While I have faith Google set up a reasonable contract to protect my info, I
don't know or trust the third party to handle my information properly.

3) Maybe it's the geek in me, but I'd be 100x more excited if some employees
put this together during their 20% time. Seeing that it's clearly a marketing
bit end-to-end means I almost don't want to share it with friends.

4) It would have been nice to download the MP3 and send it over email myself.
A phone call is a nice way to advertise Google Voice, but it sure is hard to
share with friends and family after the event.
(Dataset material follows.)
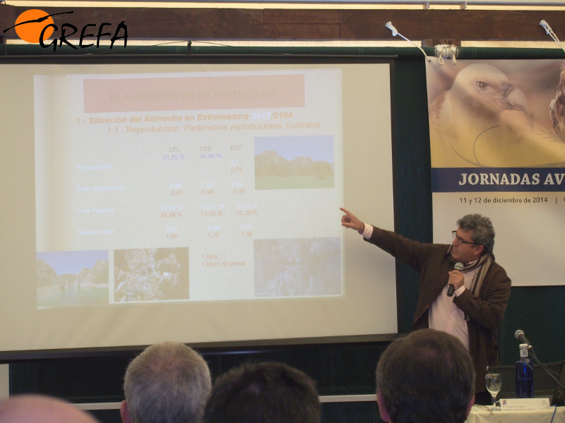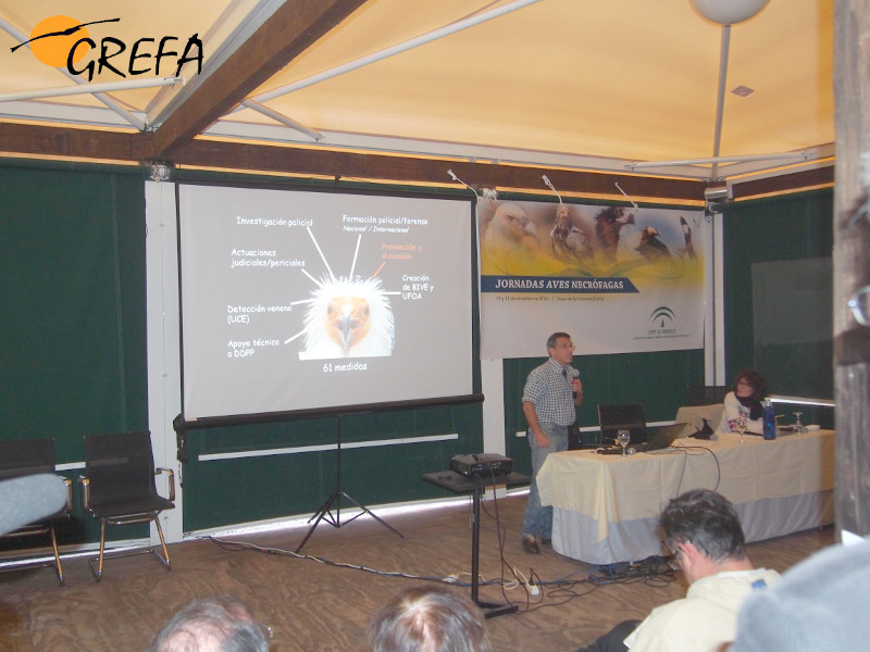 Desde GREFA no hemos querido dejar de participar en este encuentro, donde se dedicó una jornada entera al alimoche, ave que como decimos está en franco declive en Andalucía y otros comunidades autónomas españolas, pero también en el resto de Europa. Una de las principales conclusiones de estas jornadas tiene que ver con las posibles medidas que se puedan tomar en el futuro, como son la cría en cautividad, la creación de puntos de alimentación selectivos y específicos o los proyectos de reintroducción y reforzamiento. En este sentido GREFA está en la línea de colaborar, como lo viene haciendo desde hace tiempo, en todas estas actuaciones, pero también con otras igualmente interesantes para este caso, como pueda ser la lucha contra el veneno, en la que estamos involucrados desde hace muchos años a través del Programa Antídoto. Queremos destacar muy especialmente la participación de los ganaderos de la Asociación Merina de Grazalema (AMEGRA) y de los cazadores representados por la Delegación de Cádiz de la Federación Andaluza de Caza.
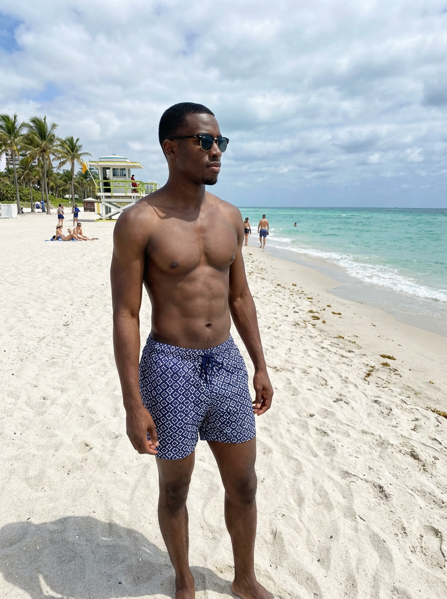 model at Miami Beach, turquoise water, white sand, stylish swimwear, perfect beach body shot

5) Related to the MP3, it doesn't include any of the advertising or
promotional messaging I would expect during the preview. I would like to know
the entire experience I'm sending to my loved one, not just the personalized
message. If it requires my loved one to submit an email address or listen to
30 second advertising, I may not want my loved one to hear it. This may be
undue paranoia, but I feel like I've had to keep my guard up with marketing
companies.

Net: A cool, creative idea but overall underwhelmed by the execution and
unlikely to use in practice.

------
wiradikusuma
It should have mentioned in the beginning that it's for US and Canada only.
After going through many steps, I'm stuck at delivering it since it's only
available for those two countries.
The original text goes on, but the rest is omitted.